─── Source records ───

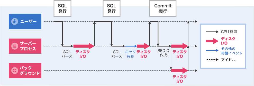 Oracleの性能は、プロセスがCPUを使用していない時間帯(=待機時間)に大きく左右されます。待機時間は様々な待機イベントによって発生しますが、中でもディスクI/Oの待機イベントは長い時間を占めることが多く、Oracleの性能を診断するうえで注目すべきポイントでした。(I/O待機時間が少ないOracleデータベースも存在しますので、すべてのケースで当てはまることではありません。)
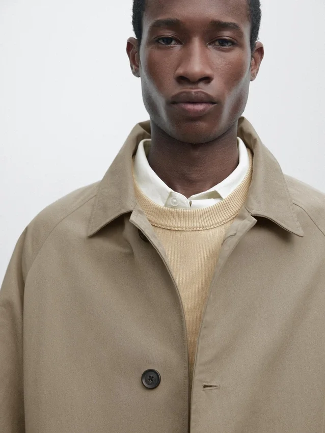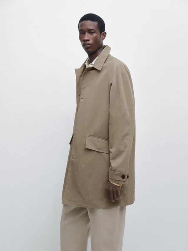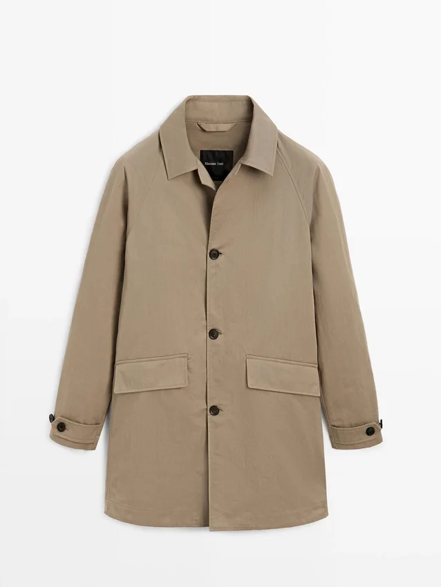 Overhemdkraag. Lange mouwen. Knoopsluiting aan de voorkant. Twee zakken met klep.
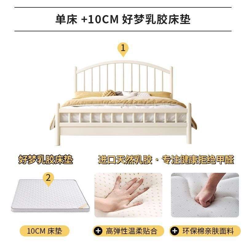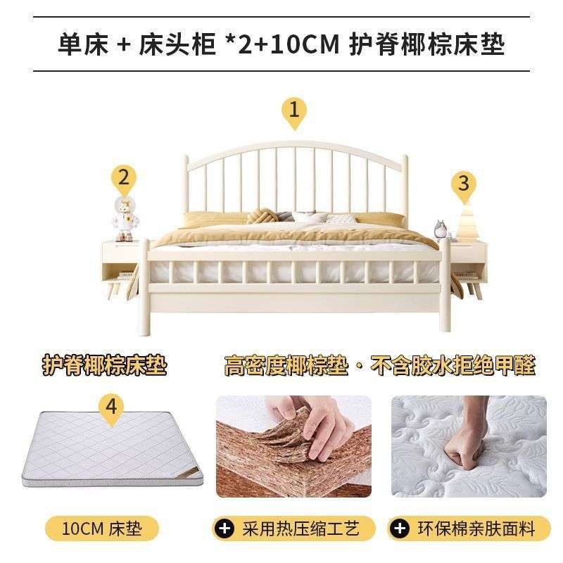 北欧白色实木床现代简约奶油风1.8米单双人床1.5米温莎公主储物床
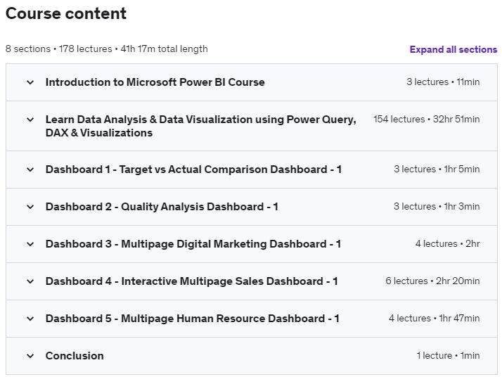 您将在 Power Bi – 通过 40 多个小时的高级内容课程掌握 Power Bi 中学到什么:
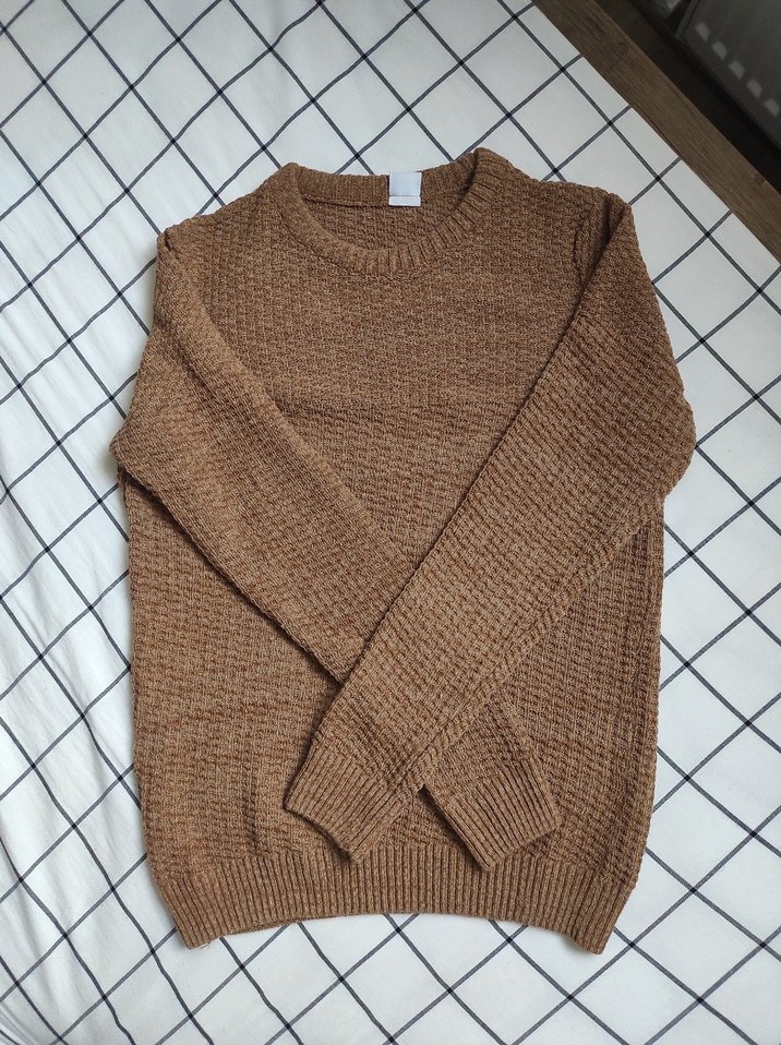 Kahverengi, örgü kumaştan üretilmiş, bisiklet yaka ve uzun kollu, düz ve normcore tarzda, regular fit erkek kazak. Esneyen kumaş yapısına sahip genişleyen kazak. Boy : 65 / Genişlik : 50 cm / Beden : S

───

Try it: Every line from the top of the entries through the line that holds "您将在 Power Bi" is to be quoted exactly, please, and nothing else; omit the pictures.

Result for this task:
 Oracleの性能は、プロセスがCPUを使用していない時間帯(=待機時間)に大きく左右されます。待機時間は様々な待機イベントによって発生しますが、中でもディスクI/Oの待機イベントは長い時間を占めることが多く、Oracleの性能を診断するうえで注目すべきポイントでした。(I/O待機時間が少ないOracleデータベースも存在しますので、すべてのケースで当てはまることではありません。)
 Overhemdkraag. Lange mouwen. Knoopsluiting aan de voorkant. Twee zakken met klep.
 北欧白色实木床现代简约奶油风1.8米单双人床1.5米温莎公主储物床
 您将在 Power Bi – 通过 40 多个小时的高级内容课程掌握 Power Bi 中学到什么:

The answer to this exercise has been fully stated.